TWO separate cheques totaling $10,000 were handed to two secondary schools on the island for two different purposes but targetting students at each school.

The cheques came from the coffers of SOL, the leading supplier of energy products here and in the Caribbean, and were part of the company’s corporate citizen’s profile, which was demonstrated Thursday during celebrations marking their 10th anniversary.

One cheque went to St. Mary’s College and the other to St. Joseph’s Convent.

St. Mary’s College will spend his money on students who are financially disabled but who have proven to be intellectually sound. They are students who cannot afford to even pay the normal bus fare to get them to school.

Therefore it was not surprising when Rowan Seon, Principal of St. Mary’s College enthusiastically thanked SOL for its generous offer of $5000 to assist students who fall in that bracket, adding that there were lots of them, according to him.

“People seem to think that because St. Mary’s College is a top school it does not have students who are in need. They are wrong. We have 45 students at the College who fall into that bracket of need. Sometimes they do not even have money for a bus to take them to school,” Seon said.

“That money will go directly towards helping them,” he added.

St. Joseph’s Convent which also received a cheque of the same amount from SOL, will be spending its money differently.

The Convent will put the money into the training of senior students from the Rank Prefect Body and the school’s other young leaders. They will be trained in leadership roles in the running of the school.


“We at Sol are continuing to make a significant contribution to youth development in Saint Lucia. In line with our 10th anniversary v activities, we have renewed our commitment to supporting initiatives that enhance the personal development and social welfare of young people in Saint Lucia,” Lawrence McNaughton, General Manager to Saint Lucia and Dominica said.

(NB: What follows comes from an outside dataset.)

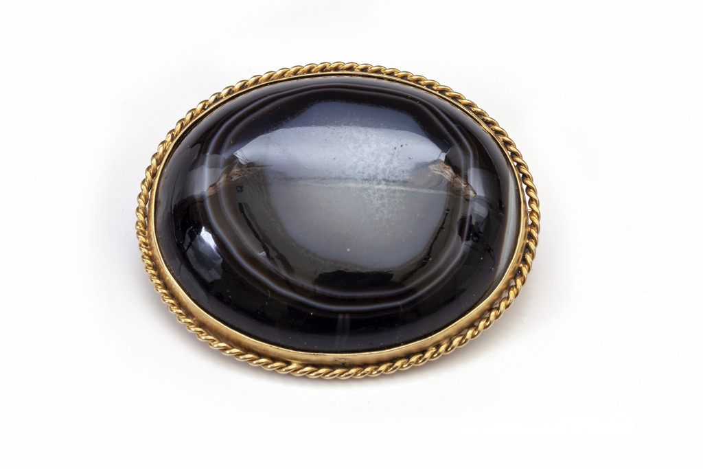Spilla in oro giallo con montata grossa agata. Peso 21 27 gr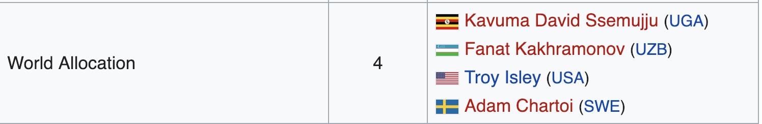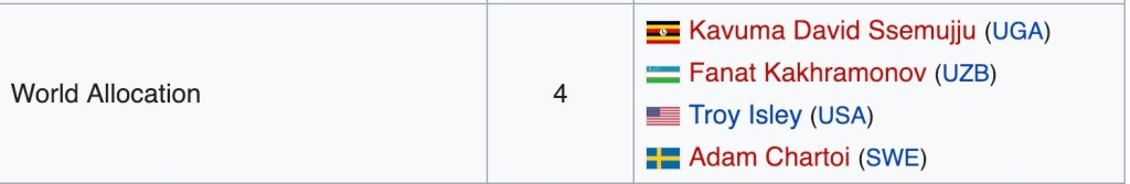 Nella categoria, come 25esimo iscritto, è stato inserito Eldric Sella Rodriguez che fa parte della EOR (équipe olumpique des réfugiés), la squadra dei rifugiati. VIene dal Venezuela, è scappato a Trinidad and Tobago dove è stato poi raggiunto dal papà, che è anche suo allenatore.

The petroleum company, which operates in 23 countries in the English, French and Spanish speaking Caribbean, will be taking its youth development initiative to another level later this year by throwing its support behind the Saint Lucia Jazz and Arts Festival Young Musicians Programme.

That programme is designed to run as a series of workshops in secondary schools here. It is expected to give students the opportunity to learn or enhance their musical talents.

“Sol remains committed to the development of education in the Caribbean and recognizes the importance of also supporting educational initiatives outside of the traditional academic structure,” McNaughton said.

“It was a pleasure for Sol to lend a helping hand to these organizations,” McNaughton said, adding that these types of programmes are critical for creating an environment where the country’s youth can “grow and prosper”, as this was a sustainable way to achieve human development on a national and regional scale.